He had used her.
Perhaps she was leaping to conclusions...
Leaping to conclusions?How much more proof do you need?she asked herself contemptuously.When are you going to wake up to the fact that people lie, that they betray?
As she passed down the endless corridors her thoughts continued to tread endless corridors of their own, many with dead ends and many looping back in circles.
People nodded and smiled, but nobody questioned her right to be there—and then, when she wasn’t even looking, she saw a landmark: a massive oil painting of a luminous Madonna and child. Surely she had seen it before?
Joaquin paced the salon of his suite. This wasn’t the way he had planned for this evening to end.
Where the hell was she?
He had already retraced the route back to the dining room and there had been no sign of her.
He felt his panic rise even as he recognised there was no logic to it.
He had almost lost her once before; he had even recognised what he would be losing.
It couldn’t happen again.
On one level he knew that he was overreacting—that she would be sitting in a corner somewhere, nursing a glass of wine and chatting, or else wandering down a corridor, totally lost. Neither scenario was life-threatening.
The knowledge didn’t lessen the feeling of dread in the pit of his stomach.
‘You lost your fiancée? Man, that was careless,’ Rob, mellow after an after-dinner brandy, had joked when Joaquin had come across him with a group of guests.
It was a joke that had not made Joaquin smile, and he’d voiced his lack of appreciation—maybe not so politely. Not that Rob had seemed offended. And Allie had chased after him, telling how much they loved Clemmie.
‘Me too,’ he’d said.
Allie had squeezed his arm. ‘Might be an idea to tell her that?’
He would, he decided, as he contemplated retracing his steps again, unable to rid himself of the idea that his mother had got to her.
He was tired of games. He’d been so proud of her tonight...of her dignity and humour in the face of his mother’s snide comments.

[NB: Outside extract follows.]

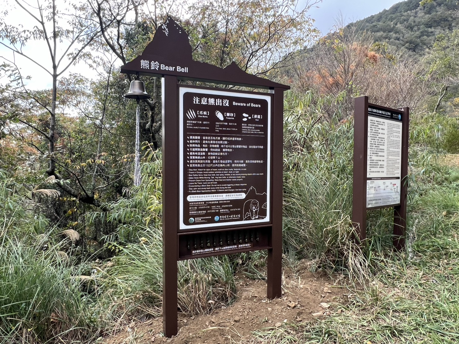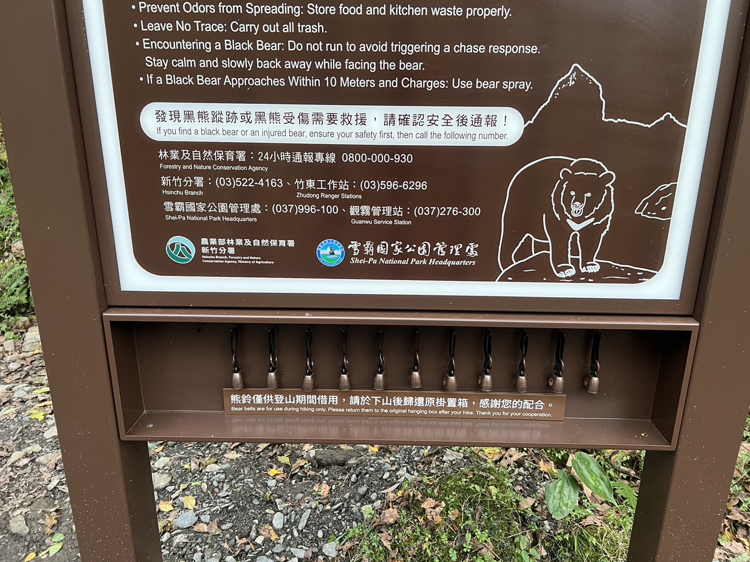 注意熊出沒告示牌外觀以大霸尖山意象為視覺主軸,並掛置大型熊鈴,兼具強化警示及保育宣導效果。牌面除介紹臺灣黑熊活動痕跡外,也提醒民眾在山區活動應提高警覺,應妥善收存食物及廚餘,避免吸引黑熊靠近。告示牌下方為熊鈴掛置箱,提供山友借用與歸還,山友在上攀大小霸前可於15k處或19k處取用,下山後歸還原放置箱即可。熊鈴的佩帶可讓山友在行進間製造聲響,以降低遭遇臺灣黑熊的可能性。

He should have been there to protect her.
At last, he faced his biggest fear.
Could she have left him?
The door opened and she appeared, and his initial relief immediately switched to anger. ‘Where the hell did you vanish to?’
When her green eyes lifted to him, his mood made another ninety-degree turn.
‘I was worried. It’s been an hour. People are looking for you... I was looking for you. Where have you been?’
‘I don’t know.’
‘You got lost?’ he said, struggling to moderate his tone. ‘It’s easily done. You should have waited for me.’
As he approached she raised her hands, as if to fend him off.
He stopped dead. ‘What’s happened?’
‘Is it true?’ she asked, amazed that she sounded totally normal.